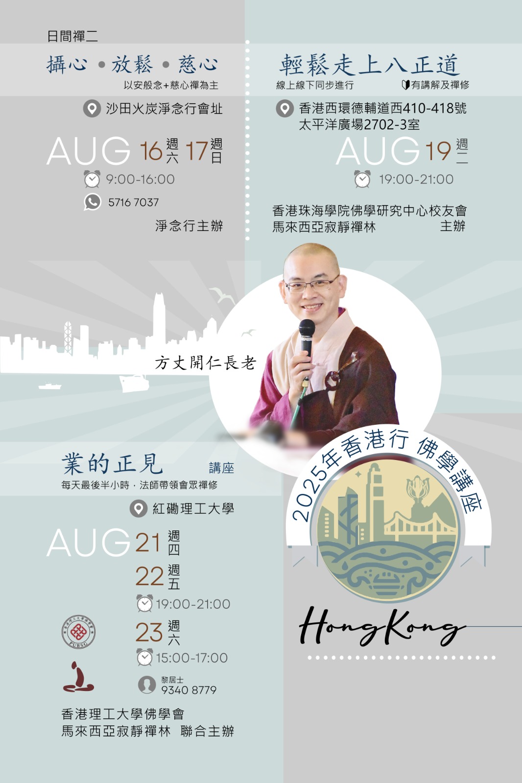 8月19日(二)7p.m.-9p.m. 指導「輕鬆走上八正道」(講解及禪修)於香港 西環德輔道西410-418號 太平洋廣場2702-3室 (線上線下同步進行)
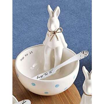 Delight in the whimsical charm of this enchanting 2-piece set, featuring a beautiful ceramic dip cup ideal for your next gathering. The cup showcases a figural bunny perched playfully on the rim, adding a touch of joy to your dining experience. Hand-painted with vibrant patterns, this eye-catching piece is sure to be a conversation starter at any table.
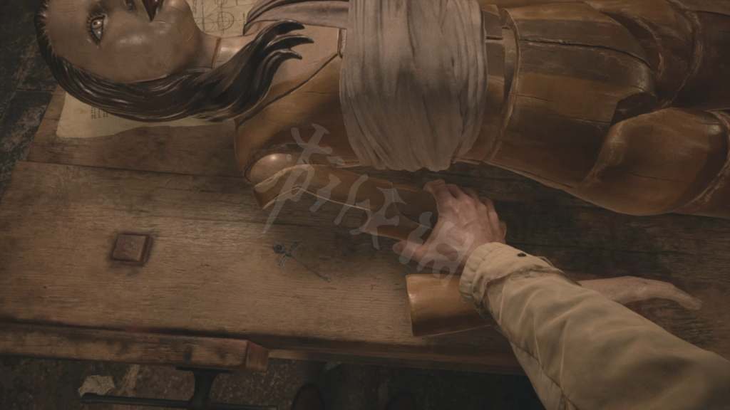 玩家会在地下室内发现一个木头人偶,玩家可以在木头人偶上找到一个染血的戒指,人偶的右手中有一把银钥匙,左腿处有一把钟表钥匙。
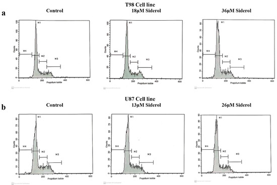 3.3. Siderol Induced G0/G1 Cell Cycle Arrest in Both Cell Lines

Task brief >> Leave every picture out and print exactly the lines from the one that contains "Delight in the" through the last line of the material above.

Response area >>
 Delight in the whimsical charm of this enchanting 2-piece set, featuring a beautiful ceramic dip cup ideal for your next gathering. The cup showcases a figural bunny perched playfully on the rim, adding a touch of joy to your dining experience. Hand-painted with vibrant patterns, this eye-catching piece is sure to be a conversation starter at any table.
 玩家会在地下室内发现一个木头人偶,玩家可以在木头人偶上找到一个染血的戒指,人偶的右手中有一把银钥匙,左腿处有一把钟表钥匙。
 3.3. Siderol Induced G0/G1 Cell Cycle Arrest in Both Cell Lines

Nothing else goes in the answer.